Miss Chelsea M Dunn1
1Queen's University, Canada
Biography:
Chelsea Dunn is a doctoral candidate in the Department of Political Studies at Queen’s University (Canada). Supervised by Dr. Susanne Soederberg, Chelsea is spending six months in Manila, Philippines and Brisbane, Australia where she is conducting research on the inter-scalar governance of highways. Chelsea is the coordinator for the Research Network on Women, Peace and Security (RN-WPS) and is a research fellow at the Centre for International and Defence Policy (CIDP). Chelsea will be in Brisbane at the time of the conference.
Abstract:
As cities face mounting environmental hazards under climate change, climate-resilient infrastructure has become a cornerstone of global environmental governance.
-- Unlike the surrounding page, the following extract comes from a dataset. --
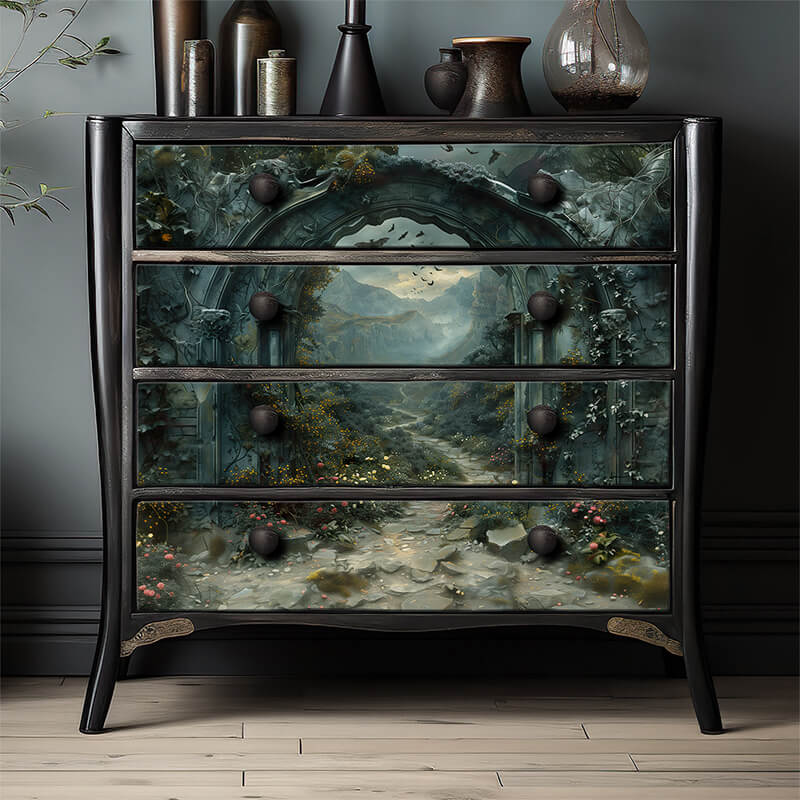 This captivating design features a grey gothic arch adorned with bats and framed by the iconic silhouette of Dracula’s castle. A meandering path beckons you into a mysterious landscape perfect for vampirecore crafting and macabre projects. Immerse yourself in the allure of vintage decoupage and gothic furniture upcycling with this hauntingly beautiful tissue paper. Let your imagination wander down the path of darkness and contact me for customization options to make this design uniquely yours.

Recognizing that infrastructure operates as a critical mediator between ecological hazards and the core rhythms of urban life, cities are scrambling to ensure that vital forms of infrastructure are resilient—able to withstand or bounce back from the key shocks and stressors associated with climate change. Despite its growing salience in governance circles, there is a relative lack of literature which considers the material processes and outcomes of climate-resilient infrastructure projects. This paper addresses this gap by turning to an underexamined aspect of urban infrastructure: highways. Drawing on field work undertaken in Metro Manila, Philippines—which, in addition to being the largest urban centre in the world’s most disaster-prone country, is known for having the worst traffic in the world—this study seeks to deepen discussions on climate adaptation by considering the ecological, political, social and economic facets of resilience-based highway governance. By employing an inter-scalar international political economy and environment framework, I argue that peeling back the discourses of resilience-based highway governance reveals processes of capitalist accumulation which increase transnational class cleavages and dispossess the urban poor of time, access to space, money, and ecological security. Accordingly, this paper contributes to three prominent scholarly debates: (1) the concrete outcomes of global environmental governance directives, (2) the growing literature seeking to re-politicize infrastructure development, and (3) the increasingly controversial relationship between circulation and land-based power.